While PGC-LC-MS is the state-of-the-art method for glycan isomer separation, we here show that CE-ESI-MS is a competitive alternative. Performing a comparative analysis of the sensitivity of the two methods, we showed that our CE-ESI-MS platform outperforms the PGC-LC-MS one with a factor of 1000. We determined the limit-of-detection for the PGC-LC-MS platform (negative ionization mode) in the fmol range (Table S2), while the CE-ESI-MS platform showed a limit-of-detection in the low amol range.[13]
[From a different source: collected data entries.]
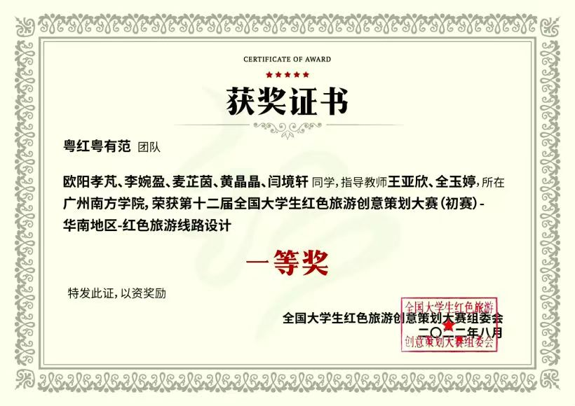 2016年,15级旅游管理专业学生李淑妍,徐楚欣组队参加华南农业大学举办的广东省第一届旅游线路设计大赛,获得一等奖。2020和2021年,本专业18和19级的学生组队分别获得第十届、第十一届全国大学生红色旅游创意策划大赛二等奖。2022年,在第十二届全国大学生红色旅游创意策划大赛中,我专业19级学生“粤红粤有范”队斩获大赛一等奖。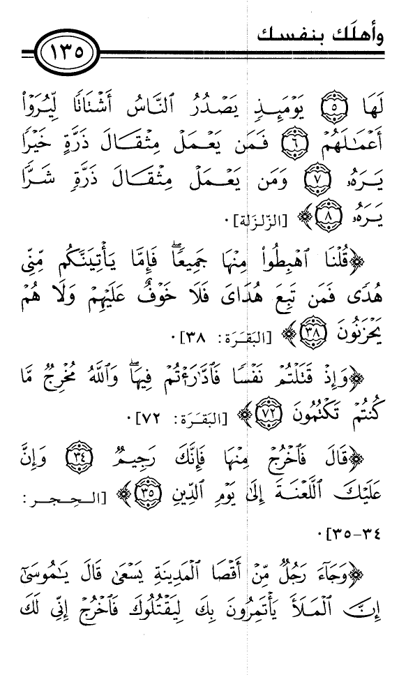لَهَا *يَوْمَئِذٍ يَصْدُرُ النَّاسُ أَشْتَاتًا لِيُرَوْا أَعْمَالَهُمْ *فَمَنْ يَعْمَلْ مِثْقَالَ ذَرَّةٍ خَيْرًا يَرَهُ *وَمَنْ يَعْمَلْ مِثْقَالَ ذَرَّةٍ شَرًّا يَرَهُ *} [الزّلزَلة] .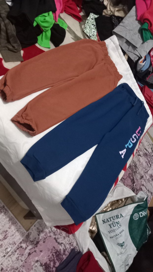 Erkek çocuklar için yumuşak kumaştan, bol kesim iki adet sweatpant. Biri kahverengi, diğeri baskılı mavi, elastik paçalı, rahat sokak stiline uygun. ♂️

To further demonstrate the performance of the zero flow method, the N-glycome of human plasma was analyzed. In this complex biological matrix, a total of 208 N-glycans were identified, of which 135 had a unique composition (including the differentiation between α2,3- and α2,6-linked sialic acids as assigned based on their derivatized mass). From these 135 compositions, 57 N-glycan compositions showed the presence of isomeric species, which accounted for the additional 73 N-glycans observed (Table S3). The isomers showed variation in antenna configuration and decoration. While not all isomers found in the current study were structurally assigned, the differential fragmentation patterns as described above for the diantennary N-glycan were observed for various N-glycan isomers (Figure S3), and the use of these characteristic Y-ion patterns for glycan structural assignment warrants further investigation.

Conclusion

In this study, we presented a method that achieves N-glycan isomer differentiation by a combination of sialic acid derivatization, zero flow CE separation, and tandem MS. As such, the method provides both the high sensitivity as well as the high resolution and isomer differentiation needed to address pressing glycobiological questions in biomedicine. We envision that the method will facilitate the in-depth glycomic analysis of minute amounts of biofluids and cellular or tissue material. Additionally, we think that the high-resolution zero flow CE-ESI-MS approach is not only valuable for the glycomics field but could also be utilized in metabolomic, lipidomic, and proteomic studies where sample amounts are restricted and resolution as well as isomer differentiation is essential for achieving analytical depth and biological insights.